Records »
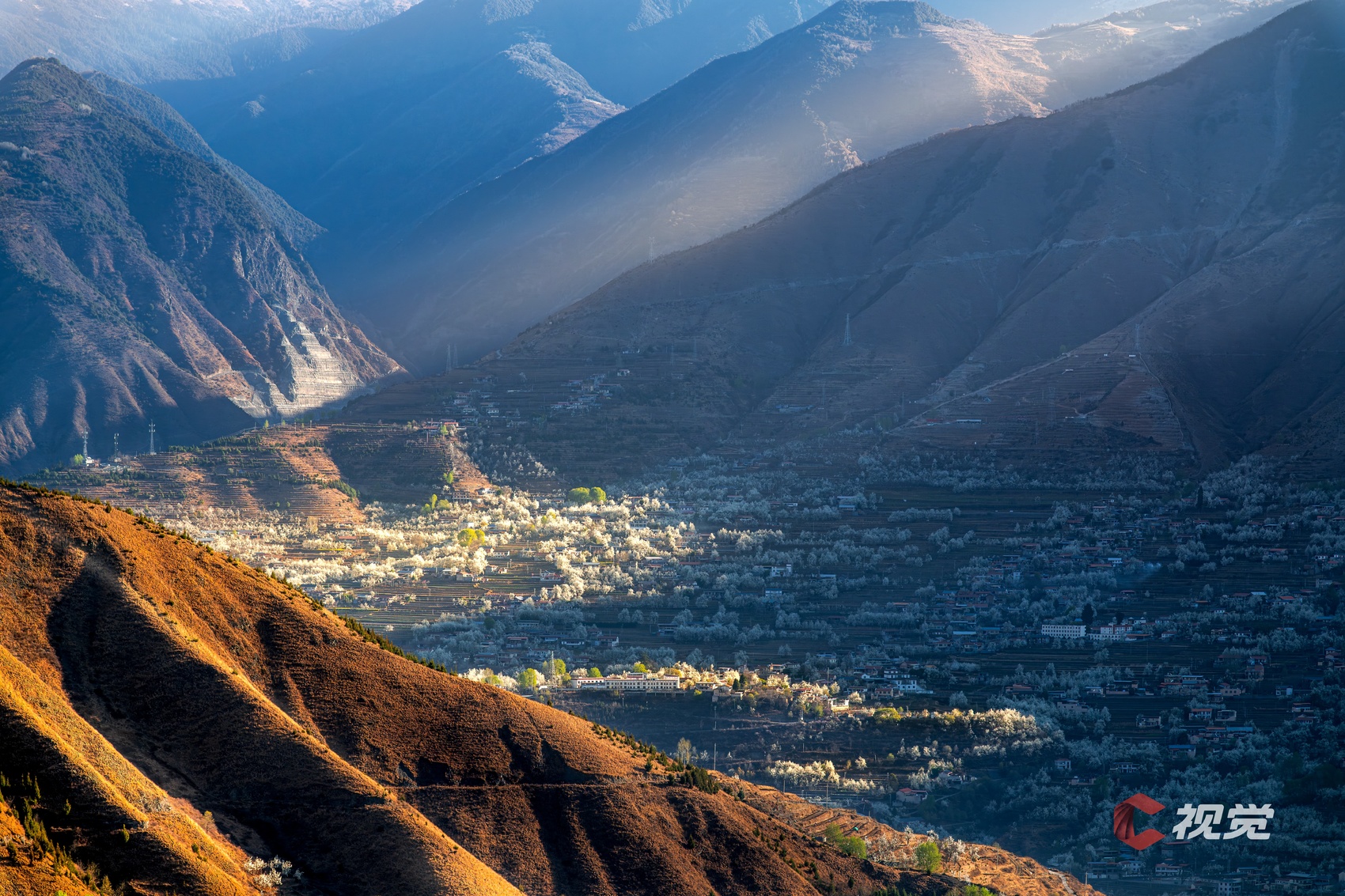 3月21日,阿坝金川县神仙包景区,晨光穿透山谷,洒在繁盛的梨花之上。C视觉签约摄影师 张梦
* * *
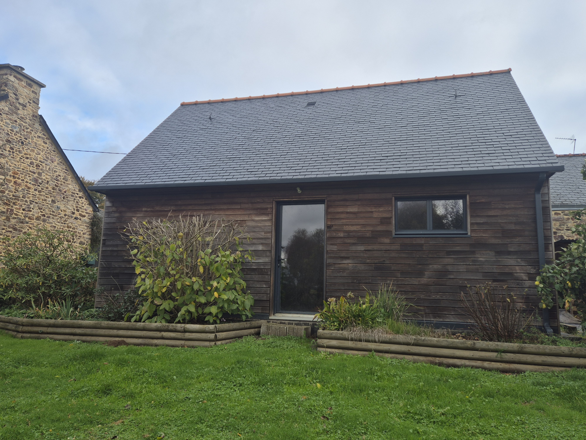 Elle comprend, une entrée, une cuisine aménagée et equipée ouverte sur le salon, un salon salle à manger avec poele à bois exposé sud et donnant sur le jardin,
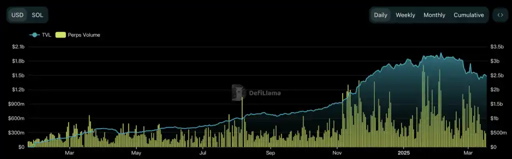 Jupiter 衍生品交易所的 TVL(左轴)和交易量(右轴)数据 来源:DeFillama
---
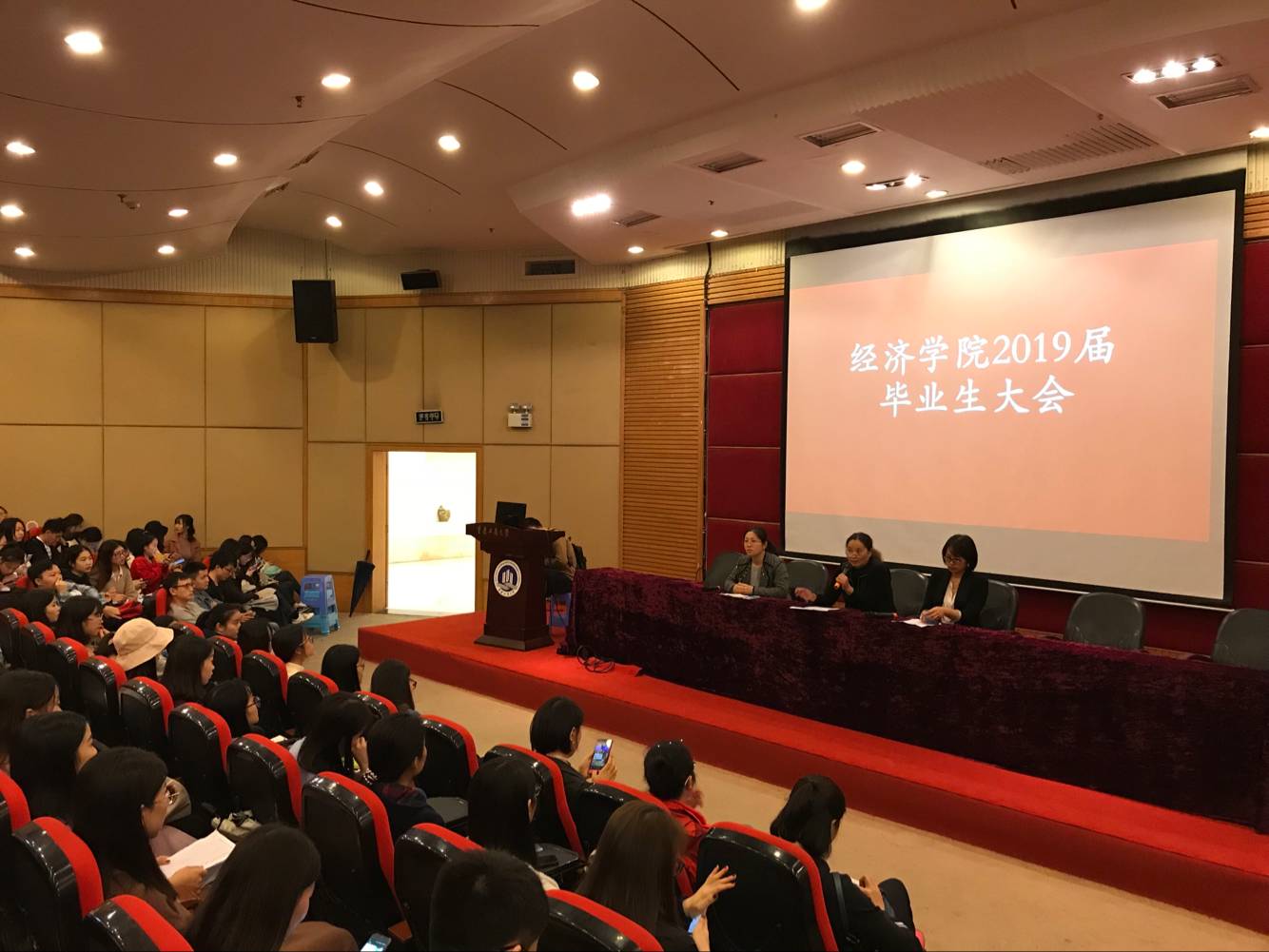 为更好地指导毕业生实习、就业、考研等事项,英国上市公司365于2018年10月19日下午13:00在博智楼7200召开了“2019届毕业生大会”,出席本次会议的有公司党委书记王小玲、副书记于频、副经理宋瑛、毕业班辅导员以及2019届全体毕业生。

Your objective »
Copy the entries above exactly, but only the stretch from the line containing "Elle comprend, une" through the line containing "Jupiter 衍生品交易所的 TVL(左轴)和交易量(右轴)数据". Keep both end lines; drop the pictures.

Task response »
 Elle comprend, une entrée, une cuisine aménagée et equipée ouverte sur le salon, un salon salle à manger avec poele à bois exposé sud et donnant sur le jardin,
 Jupiter 衍生品交易所的 TVL(左轴)和交易量(右轴)数据 来源:DeFillama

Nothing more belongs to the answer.